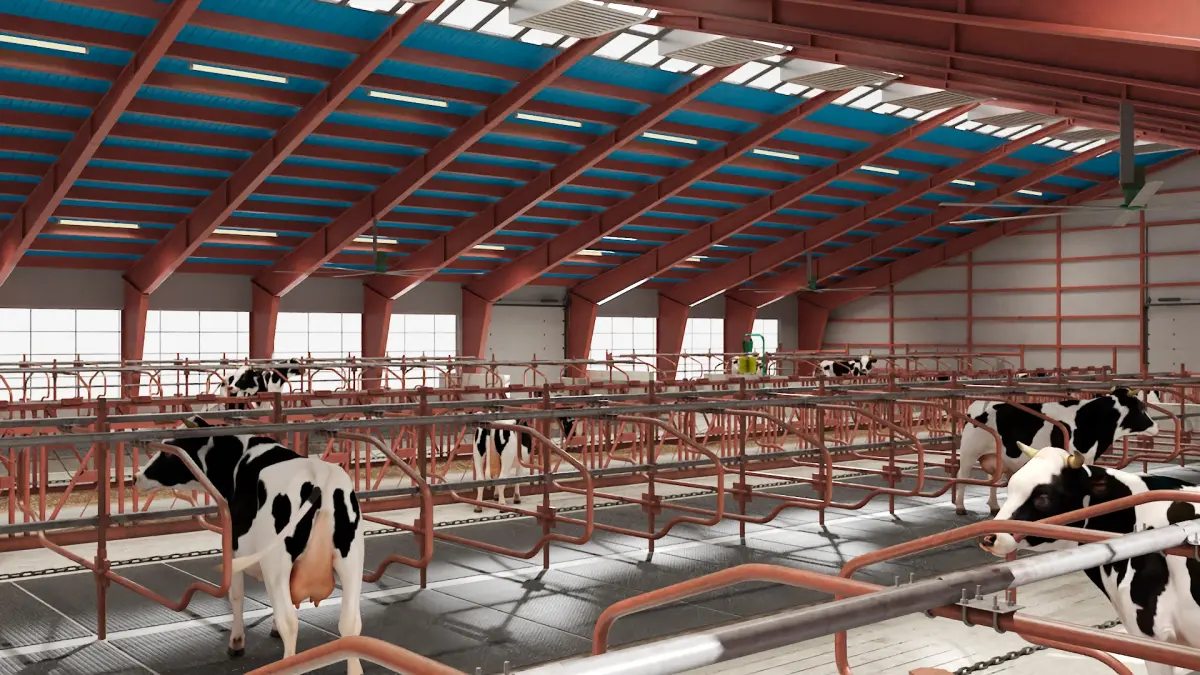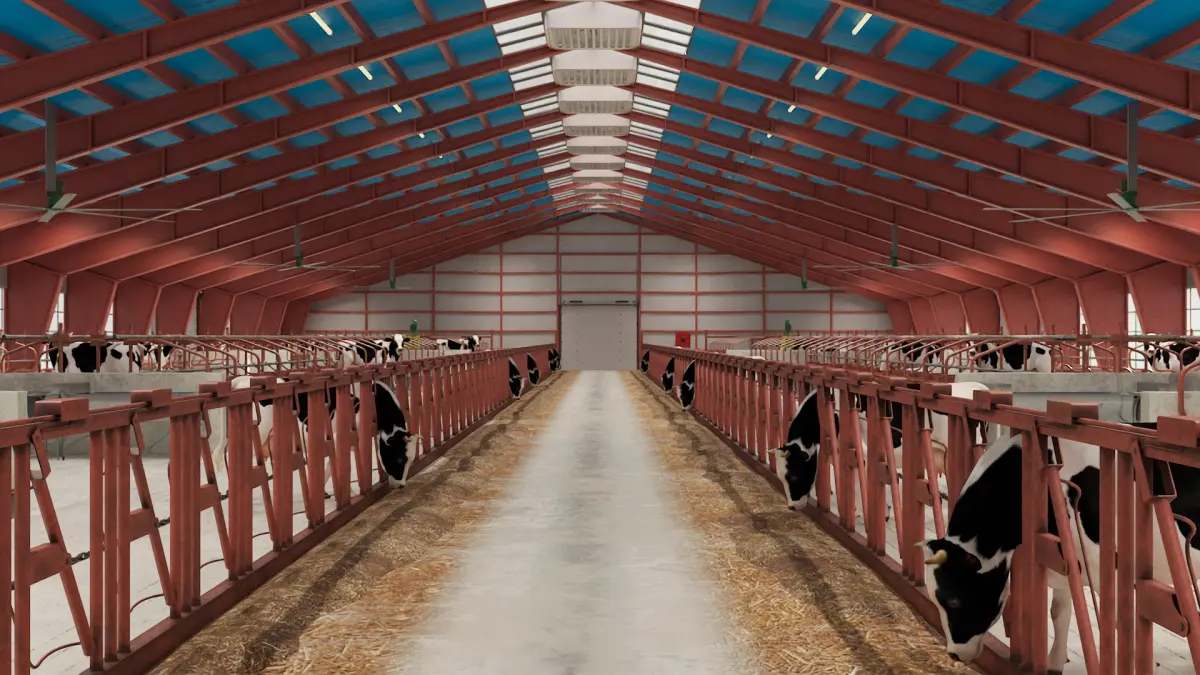 For agricultural facility planning, livestock management, industrial farming, dairy production, sustainable agriculture, cattle rearing, farm structure optimization, rural development projects, modern livestock housing solutions, cattle welfare enhancement, farm equipment advertising, and architectural design portfolios in agribusiness industries.
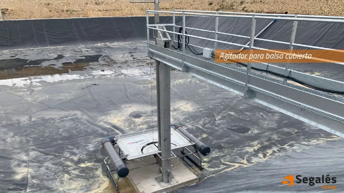 Agitador sumergible diseñado para remover fosas de tamaño medio o grande, y con alturas mínimas de 50 cm y máximas de hasta 4 m,
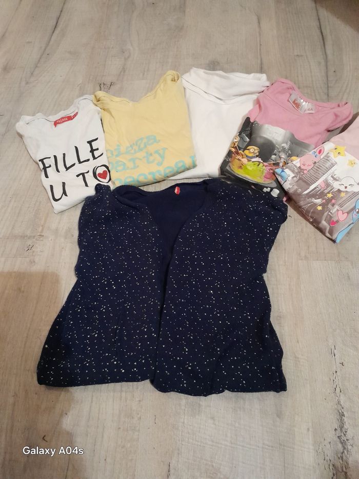 Lot fille theeshirt 3 manches longues 1 sous pull 1 theeshirt manches courtes 1gilet manches longues boutons devant
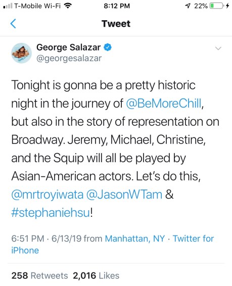 First off, on “The Broadway” attention must be paid to – no, NOT the TONY Winners, they have enough attention…the little show who was parodied but never mentioned, BE MORE CHILL by Joe Iconis.
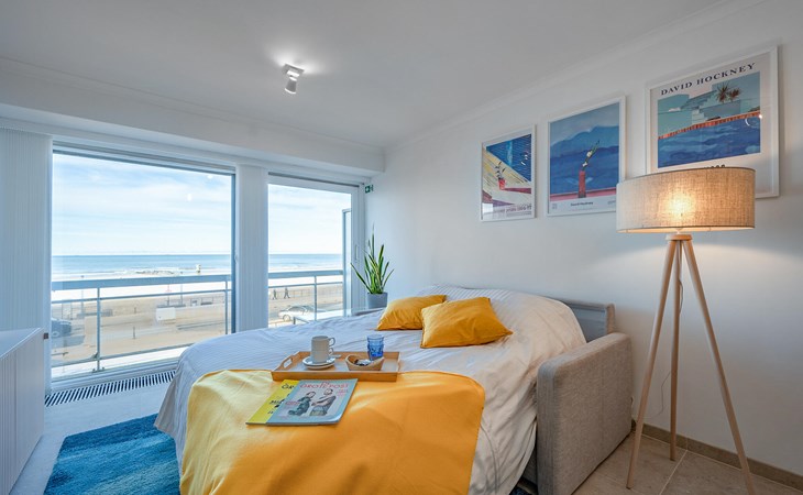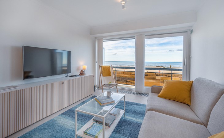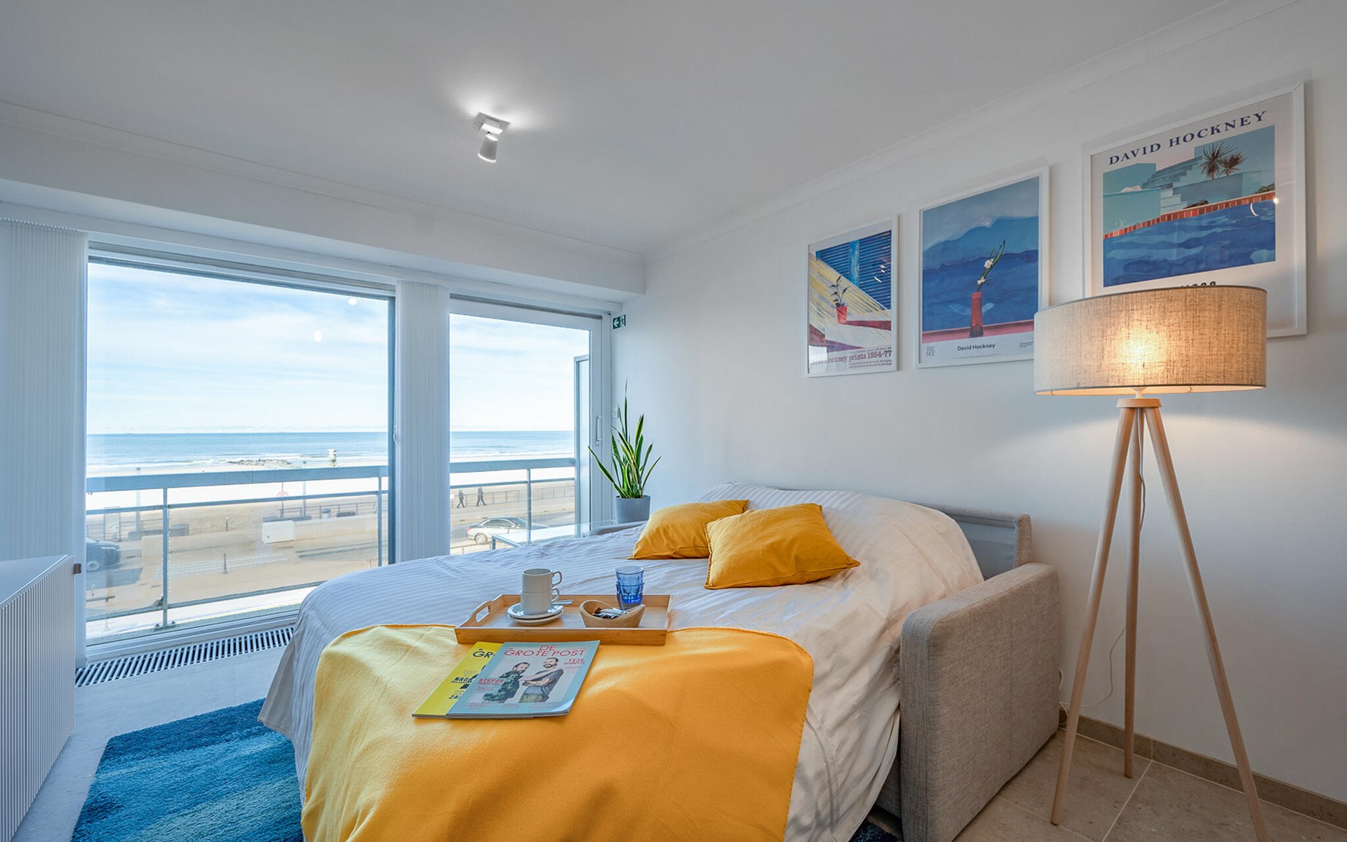 Begin de dag met een adembenemend uitzicht op zee in dit stijlvolle vakantieappartement direct aan het zandstrand van Oostende.
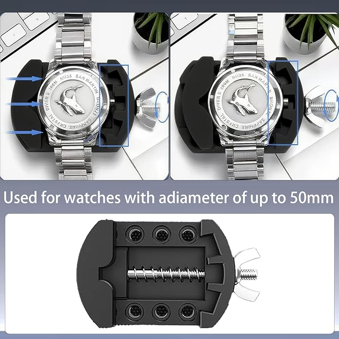 - 【Stable and Secure Watch Holder】 The watch case holder stabilizes the watch, preventing slipping and scratching while opening the back case or changing bands. It supports watches up to 50mm in diameter and provides a firm grip to ensure safer and easier repair operations.
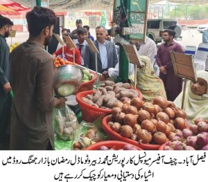 Faisalabad(94 news)On the instructions of Commissioner Salut Saeed, Chief Officer Municipal Corporation Muhammad Zubair Watto visited Model Ramzan Bazarjhang Road and checked the prices and quality of vegetables and fruits provided at the Agriculture Fair Price Shop. On the occasion, he inquired from the buyers about the arrangements of Model Ramzan Bazaar and the relief provided. He said that quality items are available to customers in both the model Ramadan bazaars of the city and the large number of customers buying them is a reflection of the provision of quality items in the model Ramadan bazaars.
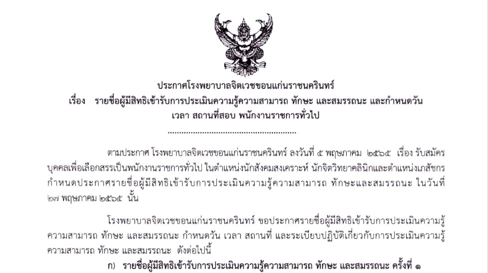 ประกาศรายชื่อผู้มีสิทธิสอบตำแหน่งนักสังคมสงเคราะห์ นักจิตวิทยาคลินิก เภสัชกร
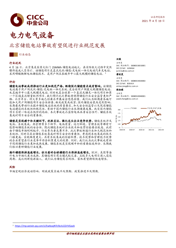 【中金公司】【20210419】电力电气设备:北京储能电站事故有望促进行业规范发展-6页
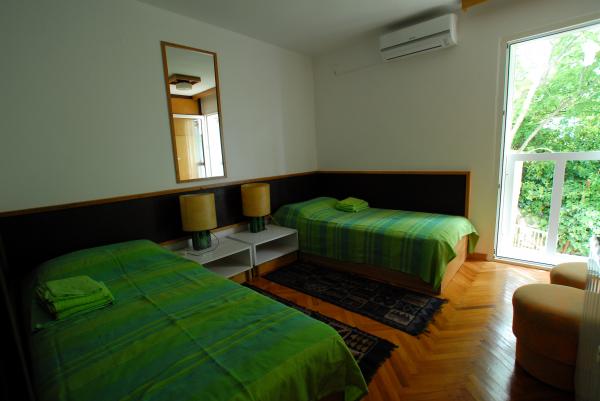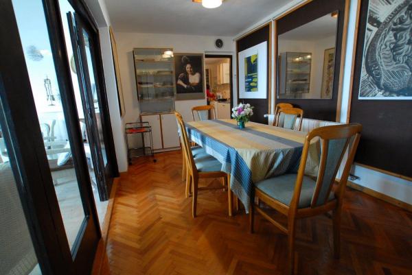 Villa Vaho costruito e decorato alla fine degli anni '60. Il centro di Novi Vinodolski bisogno è di 20 minuti a piedi dal mare. Si trova a 5 minuti dal mare con una splendida vista sull'isola di Krk. La casa ha un giardino anteriore e posteriore, con un sacco di ombra e gli alberi, costruito su due livelli così sono appartamenti situati. L'appartamento superiore dispone di 3 camere da letto, ampio soggiorno con terrazzo, camere con vista sul mare, un bagno con wc e wc separato, cucina e parte della sala da pranzo. Può ospitare 6 persone, lo spazio è climatizzato. C'è una lavastoviglie, internet. porte della cucina si aprono su un patio e barbecue. L'appartamento inferiore è uno spazio aperto per l'uso, con sedie a sdraio, un tavolo da pranzo, un giardino e ombre, con una porta che conduce alla spiaggia. Si compone di una camera da letto e soggiorno dove si può dormire, bagno e cucina. Può ospitare 4 persone, lo spazio è climatizzato. La casa dispone di parcheggio per 2-3 auto, un negozio locale è a 10 minuti a piedi.
========
Nothing in the entries above should change when they are printed again, except that the pictures are dropped.

 For agricultural facility planning, livestock management, industrial farming, dairy production, sustainable agriculture, cattle rearing, farm structure optimization, rural development projects, modern livestock housing solutions, cattle welfare enhancement, farm equipment advertising, and architectural design portfolios in agribusiness industries.
 Agitador sumergible diseñado para remover fosas de tamaño medio o grande, y con alturas mínimas de 50 cm y máximas de hasta 4 m,
 Lot fille theeshirt 3 manches longues 1 sous pull 1 theeshirt manches courtes 1gilet manches longues boutons devant
 First off, on “The Broadway” attention must be paid to – no, NOT the TONY Winners, they have enough attention…the little show who was parodied but never mentioned, BE MORE CHILL by Joe Iconis.
 Begin de dag met een adembenemend uitzicht op zee in dit stijlvolle vakantieappartement direct aan het zandstrand van Oostende.
 - 【Stable and Secure Watch Holder】 The watch case holder stabilizes the watch, preventing slipping and scratching while opening the back case or changing bands. It supports watches up to 50mm in diameter and provides a firm grip to ensure safer and easier repair operations.
 Faisalabad(94 news)On the instructions of Commissioner Salut Saeed, Chief Officer Municipal Corporation Muhammad Zubair Watto visited Model Ramzan Bazarjhang Road and checked the prices and quality of vegetables and fruits provided at the Agriculture Fair Price Shop. On the occasion, he inquired from the buyers about the arrangements of Model Ramzan Bazaar and the relief provided. He said that quality items are available to customers in both the model Ramadan bazaars of the city and the large number of customers buying them is a reflection of the provision of quality items in the model Ramadan bazaars.
 ประกาศรายชื่อผู้มีสิทธิสอบตำแหน่งนักสังคมสงเคราะห์ นักจิตวิทยาคลินิก เภสัชกร
 【中金公司】【20210419】电力电气设备:北京储能电站事故有望促进行业规范发展-6页
 Villa Vaho costruito e decorato alla fine degli anni '60. Il centro di Novi Vinodolski bisogno è di 20 minuti a piedi dal mare. Si trova a 5 minuti dal mare con una splendida vista sull'isola di Krk. La casa ha un giardino anteriore e posteriore, con un sacco di ombra e gli alberi, costruito su due livelli così sono appartamenti situati. L'appartamento superiore dispone di 3 camere da letto, ampio soggiorno con terrazzo, camere con vista sul mare, un bagno con wc e wc separato, cucina e parte della sala da pranzo. Può ospitare 6 persone, lo spazio è climatizzato. C'è una lavastoviglie, internet. porte della cucina si aprono su un patio e barbecue. L'appartamento inferiore è uno spazio aperto per l'uso, con sedie a sdraio, un tavolo da pranzo, un giardino e ombre, con una porta che conduce alla spiaggia. Si compone di una camera da letto e soggiorno dove si può dormire, bagno e cucina. Può ospitare 4 persone, lo spazio è climatizzato. La casa dispone di parcheggio per 2-3 auto, un negozio locale è a 10 minuti a piedi.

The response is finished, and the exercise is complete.